:: The data ::
• • • •
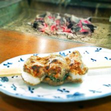 お団子型の五平餅 真ん中はよもぎで自家製味噌を付けて。
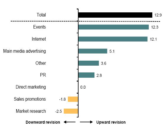 Online marketing continued to gain an increasing share in the marketing mix of companies, recording a net balance of +12.1% for Q4 2016. That compared to Q3’s +9.5% and was the best reading for two years. Within internet, mobile advertising increased, recording a net balance of +3.9%, compared to -2.6% in the preceding quarter; while internet search/SEO recorded a net balance of +7.1%, down slightly on Q3’s 7.3%. Panelists widely reported that digital marketing tools continued to offer positive investment returns by providing good opportunities to attract new customers within a manageable cost framework.
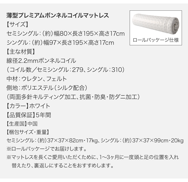 セミシングル:(約)幅80×長さ195×高さ17cm
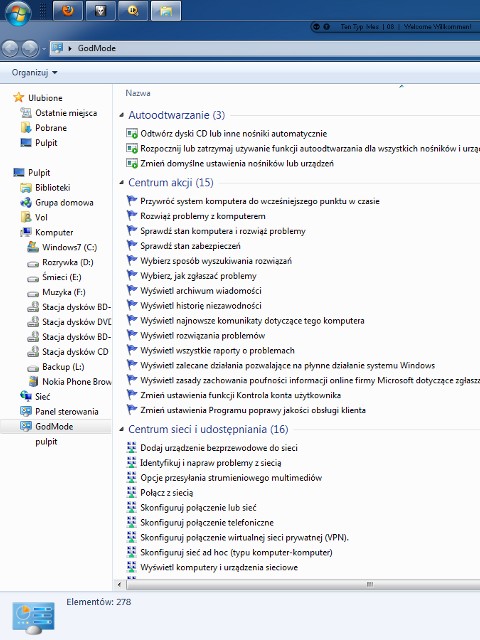 3. Po zmianie nazwy na GodMode.{ED7BA470-8E54-465E-825C-99712043E01C} zostanie utworzony nasz folder, w którym znajdują się skróty do, śmiem powiedzieć wszystkich ustawień systemu.
• • • •
:: Exercise ::
Could the data above be reproduced exactly, with the pictures left out?

:: Task output ::
 お団子型の五平餅 真ん中はよもぎで自家製味噌を付けて。
 Online marketing continued to gain an increasing share in the marketing mix of companies, recording a net balance of +12.1% for Q4 2016. That compared to Q3’s +9.5% and was the best reading for two years. Within internet, mobile advertising increased, recording a net balance of +3.9%, compared to -2.6% in the preceding quarter; while internet search/SEO recorded a net balance of +7.1%, down slightly on Q3’s 7.3%. Panelists widely reported that digital marketing tools continued to offer positive investment returns by providing good opportunities to attract new customers within a manageable cost framework.
 セミシングル:(約)幅80×長さ195×高さ17cm
 3. Po zmianie nazwy na GodMode.{ED7BA470-8E54-465E-825C-99712043E01C} zostanie utworzony nasz folder, w którym znajdują się skróty do, śmiem powiedzieć wszystkich ustawień systemu.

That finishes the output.